Family wise rates (Gm)

Adrián A. Davín edited this page Jul 18, 2019 · 16 revisions

This model allows the user to use gene family rates for events of duplication, transfer and loss, instead of genome-wise rates. The main advantage of this model is that gene family rates are easier to estimate from real datasets. You can see more about this in the Tutorial #2, where we simulate genomes using D, T and L rates inferred from a real dataset of Cyanobacteria.

What is the difference between gene-family rates and genome-rates?

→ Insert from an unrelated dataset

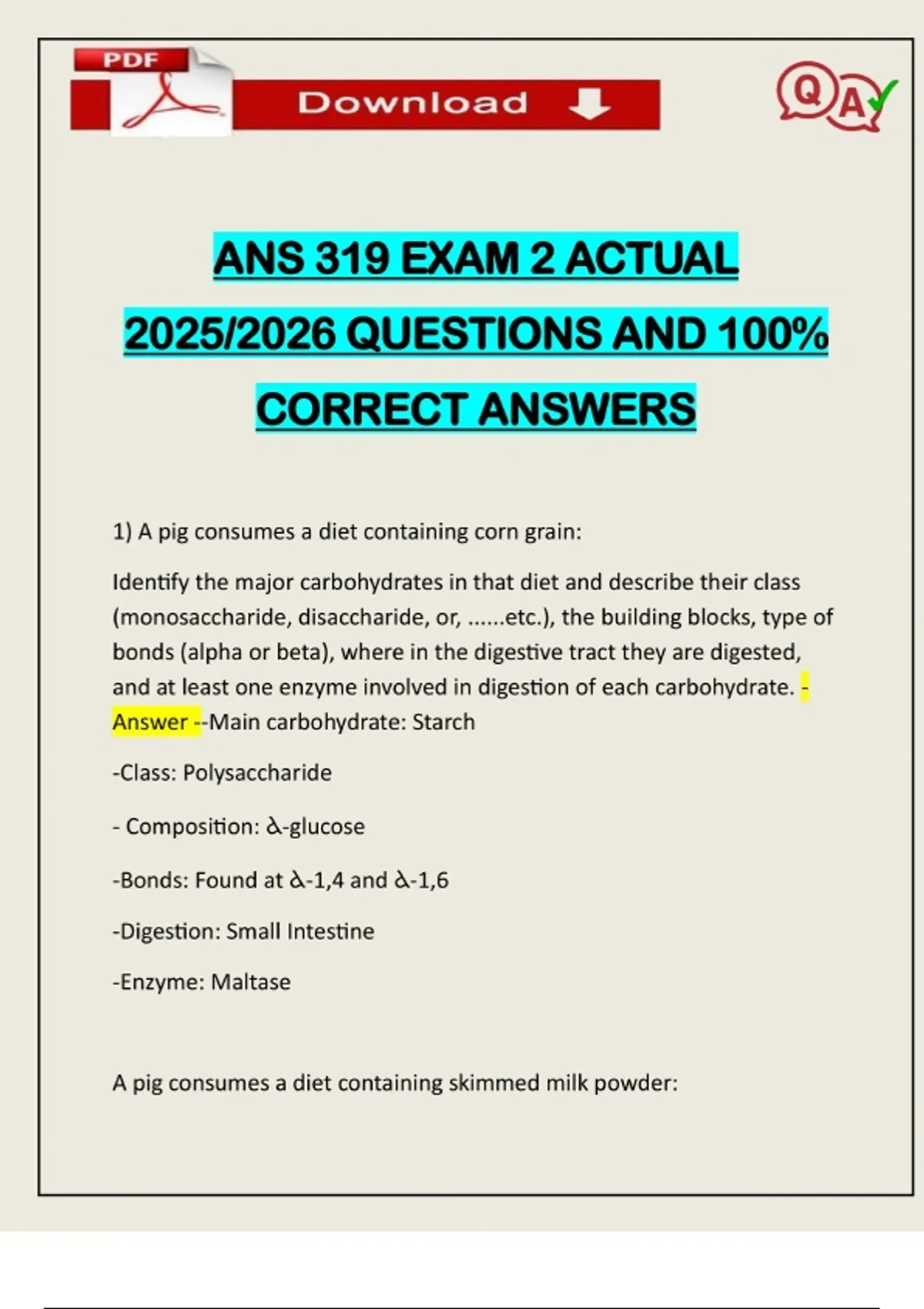 ANS 319 EXAM 2 ACTUAL 2025/2026 QUESTIONS AND 100% CORRECT ANSWERS 1) A pig consumes a diet containing corn grain: Identify the major carbohydrates in that diet and describe their class (monosaccharide, disaccharide, or, ......etc.), the building blocks, type of bonds (alpha or beta), where in the digestive tract they are digested, and at least one enzyme involved in digestion of each carbohydrate. - Answer --Main carbohydrate: Starch -Class: Polysaccharide - Composition: -glucose -Bonds: Found at -1,4 and -1,6 -Digestion: Small Intestine -Enzyme: Maltase A pig consumes a diet containing skimmed milk powder:Need assistance on Online classes, Exams & Assignments? Reach out for instant help!! Full Course Assistance, Plagiarism-free Essay Writing, Research Paper, Dissertation, Discussion Posts, etc…. Confidential & Secure services. Tutors are available for all subjects! Email now at: Identify the major carbohydrates in that diet and describe their class (monosaccharide, disaccharide, or, ......etc.), the building blocks, type of bonds (alpha or beta), where in the digestive tract they are digested, and at least one enzyme involved in digestion of each carbohydrate. - Answer -Main carbohydrate: Lactose -Class: Disaccharide -Composition: Glucose and G

In the basic mode G, the frequency of events is controlled using genome-wise events. For instance, let us say that, in the basic mode G, the Duplication rate is set to 1 and the Loss rate is set to 0.5. All the other rates are set to 0. The extension parameter for both Duplications and Losses is set to 1 (one gene affected per event). This gives a total rate of 1.5. For a given branch, the occurrence time of the next event is computed by sampling a number from an exponential distribution with lambda = 1 / 1.5. The specific event is sample according to the rate (duplication are twice as likely than losses) and it will affect a single gene randomly chosen

In the Gm mode, some of the events (D, T, L) can use family-wise rates, specific for each gene family. Let us look at the next genome and the corresponding rates of its different Gene Families

Example Gm

As you can see, it contains 6 genes from 3 different Gene Families. To compute the occurrence time of the next event, Zombi performs a weighted sum over all the genes in the genome and then samples from an exponential distribution. The effective rate in this example is 23 (1 for the yellow gene, 12 for the red genes and 10 for the blue genes).

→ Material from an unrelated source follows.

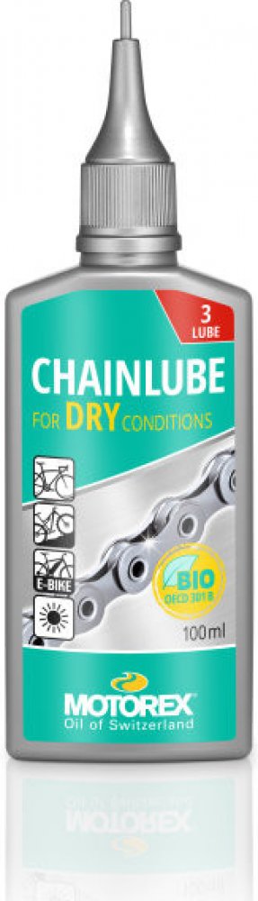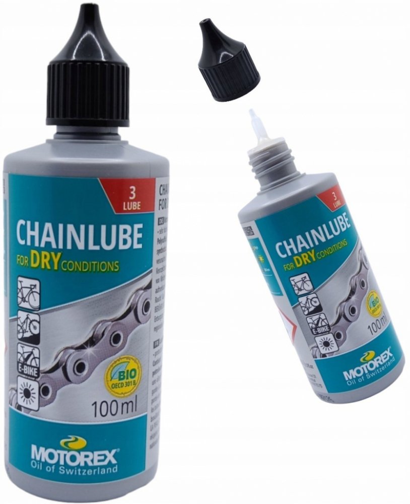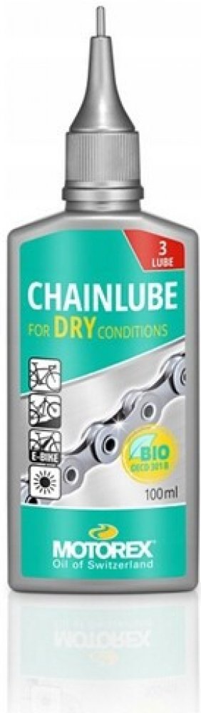 Před aplikací řetěz a přehazovačku důkladně očistěte (např. pomocí odmašťovače MOTOREX CHAIN DEGREASER).

If in this example, the origination rate is set to 2, the effective rate to compute the next event would be 25, since Originations use still genome-wise rates.

Think carefully what rates you are using because it can make a big difference from not having enough events or having too many!

Extensions

If an event occurs simultaneously to more than one gene, Zombi performs these computations to determine the exact genes affected:

  1. Determine the extension of the event
  2. For every starting point in the genome (every gene), compute the weighted probability of the event affecting that region, by multiplying the rate of the event of every gene affected by the event.
  3. Choose the starting point according to the weights computed in 2.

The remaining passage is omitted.